Which defensive position groups will Daniel House be watching during training camp? He shared his thoughts!
After fielding an inexperienced defense in 2020, the Vikings added veterans this offseason. Patrick Peterson, Sheldon Richardson, Bashaud Breeland, Mackensie Alexander and Dalvin Tomlinson bring experience to Minnesota’s depth chart.
Not only that, but the return of defensive end Danielle Hunter, linebacker Anthony Barr and defensive tackle Michael Pierce should significantly upgrade every level of the Vikings’ defense.
As training camp begins, I will have my eyes on two defensive positions. First, let’s start at cornerback:
Entering this season, my biggest question is: how will veterans like Peterson and Breeland perform? Peterson’s play declined in each of his past two seasons with Arizona. On the other hand, Breeland is recovering from a shoulder injury. Minnesota needs both of its veteran cornerbacks to perform at a high level if they are going to be successful. Peterson should benefit from playing more zone coverage in Mike Zimmer's defense. However, we do not know that for sure.
Mackensie Alexander is also returning after spending one season with the Bengals. Alexander’s background as a nickel cornerback in Zimmer’s scheme will be a major asset. Zimmer even mentioned Alexander’s improvements during his pre-training camp press conference.
Behind Peterson, Alexander and Breeland, the back half of Minnesota’s cornerback depth chart is filled with youth. Cameron Dantzler flashed his athleticism and length when he was on the field last year. The biggest issue was Dantzler’s ability to stay healthy. Last year, he frequently missed time with various injuries. Despite that, when he was available, he displayed his upside and potential. After a full offseason of hands-on coaching, it will be interesting to see how much Dantzler improves.
Additionally, fans should monitor the progress of several other young players. Harrison Hand performed well at the end of last season and will benefit from a non-virtual offseason. On the other hand, Kris Boyd had an up-and-down 2020 season, but continues to show flashes of potential.
The Vikings have quite a few question marks at cornerback. There is boom or bust potential surrounding the Breeland and Peterson additions. If they indeed play at a high level, the Vikings’ defense should significantly improve. However, if they do not meet expectations or suffer any injury, Minnesota will be relying upon less experienced options. The absence of former first-round pick Jeff Gladney due to legal issues could also loom large, especially when it comes to the team’s overall depth.
The Vikings aggressively addressed the cornerback position in free agency, but now we must see how all of the pieces come together in training camp.
Secondly, I’m going to be zoning in on Minnesota’s safeties.
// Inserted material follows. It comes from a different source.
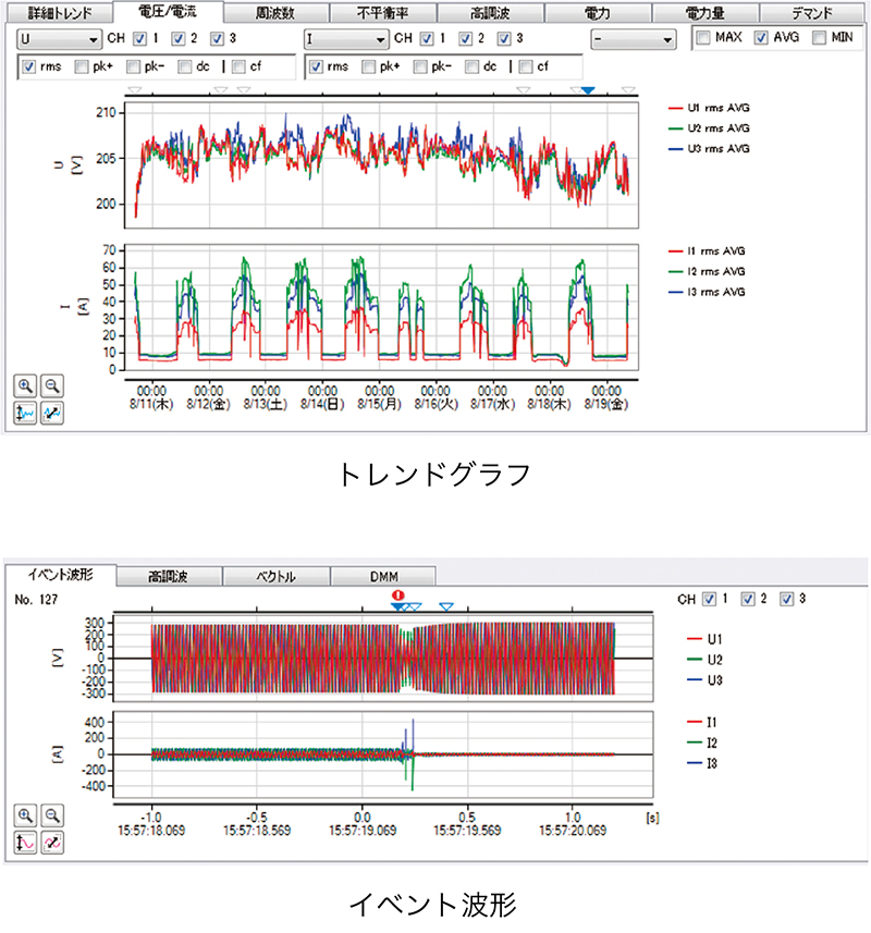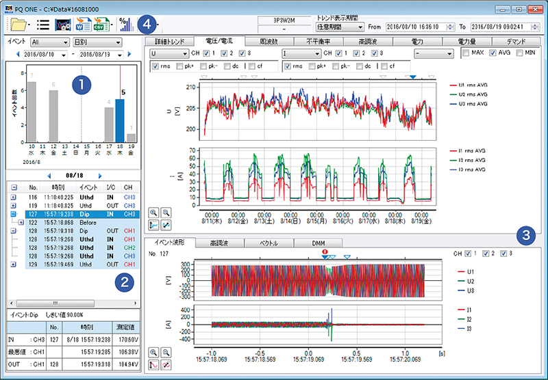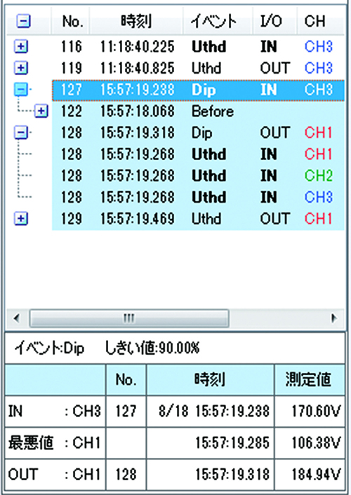 - トレンドグラフは、測定の全体像を示します。トレンドグラフは、異常の発見を容易にします。イベント詳細は、測定中に発生した電源品質イベントの詳細情報を表示されます。イベントの大きさ、時間、長さ、波形の形状などの詳細が表示されます。これらのデータを解析することで、電源品質問題の手がかりを見つけることができます。

The Vikings' depth chart is very thin at this position. Former Cowboys defensive back Xavier Woods was the team’s primary addition at safety. Woods is a rangy, instinctive safety who should pair up nicely with Harrison Smith. Over the next couple of weeks, I want to see how Smith and Woods perform together.
Then, I will be focusing on the back half of the safety depth chart. Rookie converted cornerback Camryn Bynum is probably the third-best safety on Minnesota’s roster right now. Training camp will provide us with an extensive look at his skills in the backend. As things stand right now, Bynum would likely be the first safety off the bench if an injury occurred. He does not have much experience and may not be ready for a primary backup role. We will know if that is the case after seeing him perform during training camp and the preseason.
After Bynum, we have no clue what the Vikings are going to do at safety. Josh Metellus was named the team’s Special Teams MVP last year and may earn a spot on the roster because of those skills. Since he was a rookie in 2020, I never had an opportunity to see him work in camp. I am looking forward to seeing if he made significant strides this offseason.
As things stand right now, the Vikings may end up keeping three safeties. Minnesota could do this if it believes Harrison Hand could play safety in a pinch. Hand has past experience at the position and could probably handle that switch.
Not to mention, keeping three safeties would allow them to stash an extra player on the 53-man roster that may get swiped off waivers. Then, once rosters are set, the Vikings could release that player and sign a safety.
Nonetheless, Minnesota should be monitoring roster cuts and looking for ways to upgrade their depth at this position.